I didn’t stop there. It took a lot of courage, but I closed my public Instagram page and went totally private on Insta, meaning that my videos and images couldn’t be googled or shared, and I could carefully vet who joined my private page, which by then I’d committed to being work-related only. I felt so good about the boundaries I had created. I didn’t think I could commit to “all or nothing” — total perishah —but I wanted to use social media in a contained, healthier way.
I cannot describe the relief I felt after going private. It freed me from constantly checking and comparing the stats. I’m not going to say that it didn’t come with new challenges — for example, I no longer had the perks of a public business page on Instagram. But I trusted that Hashem could send parnassah in a way that was good for me.
The next frontier was my YouTube channel. Years back, my husband and I had spoken with Rabbi Falk a’’h about kol ishah, and his psak was that since recorded singing means the voice is essentially modified, then if it’s only audio, it’s okay as long as it has the kol ishah disclaimer. That psak was about putting my audio music on streaming platforms.
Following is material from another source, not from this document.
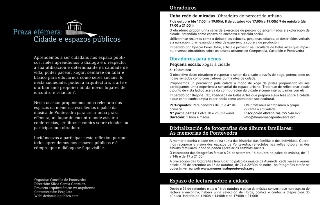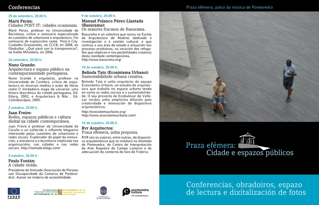 Pontevedra Cultura, el área municipal de cultura del Ayuntamiento de Pontevedra, organiza Praza efémera: Cidade e espazos públicos, una propuesta de intervención y diálogo sobre los espacios urbanos y de recuperación de la memoria de la ciudad (que se puede seguir en su galería de imágenes) que dirige Silvia García González, de la Facultad de Bellas Artes de la Universidad de Vigo en Pontevedra.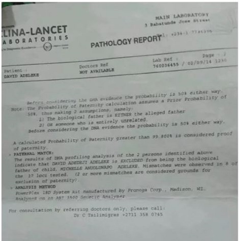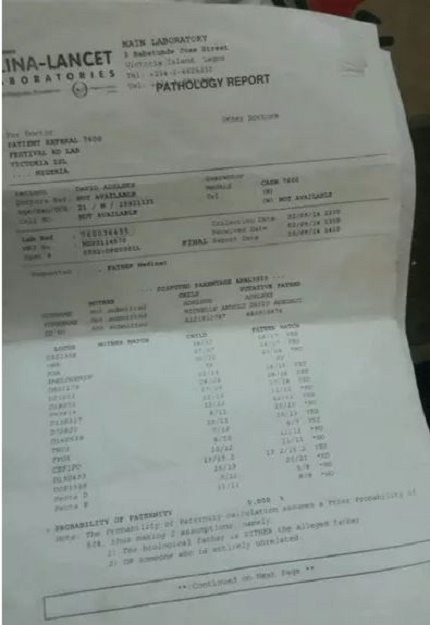 But then, a copy of the test carried out at Clina-Lancet Laboratories, Babatunde Jose Street, Victoria Island, Lagos on September 2, 2014, showed that Davido was ‘excluded’ from being the biological father of the child.

As for music videos though, even though they’re recorded (which means modified) as well, the fact that I could be seen singing and performing is more problematic, disclaimer notwithstanding, Rav Falk told me, adding that I should call him again if I decided to put out music videos. When I produced my first video, though, it was after Rav Falk’s petirah; I received a heter from local rabbanim to produce it. At the time, I knew it was a gray area, but I went with it, and that was where my success was. Those videos went viral — they pumped my numbers and did promotional work for me.
But after I went private on Instagram, I knew those videos were next. My YouTube channel had 14 gorgeous videos with hundreds of thousands of views. I’d sweated and toiled for them; I’d watched them climb and grow for years. And my parnassah was in them. Could I really close the channel?
I closed my eyes and did it.
On Lag B’omer of 2025, I released a new music video, “Ashira Vaazamra” (composed by R’ Chezkie Weisz), for the first time without YouTube. It was a big adjustment: Since I only put my videos on kosher music platforms, where they can’t be viewed without membership (such as 24Six and Toveedo), I naturally have less publicity now. And without YouTube, I couldn’t see my views climb instantly, so there wasn’t that heady rush and buzzing adrenaline. But what I did have was my calm. This was the right way to release a music video — for me.
Just recently, I’ve also stopped sharing singing videos with my face showing on my Instagram page — even with a private page. And as I reopen my girls’ choir (this time in Monsey), I’ll be doing so without a YouTube channel, and without showing the girls’ faces anywhere online.
When I give live concerts now, I share the stories behind my songs with honesty, sharing my struggles, including with mental health (Give Us Strength) and body image (Beautiful). If I can help other women feel less alone in their struggles, if I can bring Hashem into the moment and let us all feel His presence, sing and dance for Him, and spread joy together — then I am where I’m meant to be.
After concerts, women come up to share their stories — what they’re facing, and the chizuk they find in my music. “Not a week goes by that I bake challah without listening to your song,” one woman shared. Another said: “You’ve helped me see myself as beautiful.”
For those moments, despite — and maybe because of — my struggles and the painstaking growth that followed, I feel it’s all been worthwhile.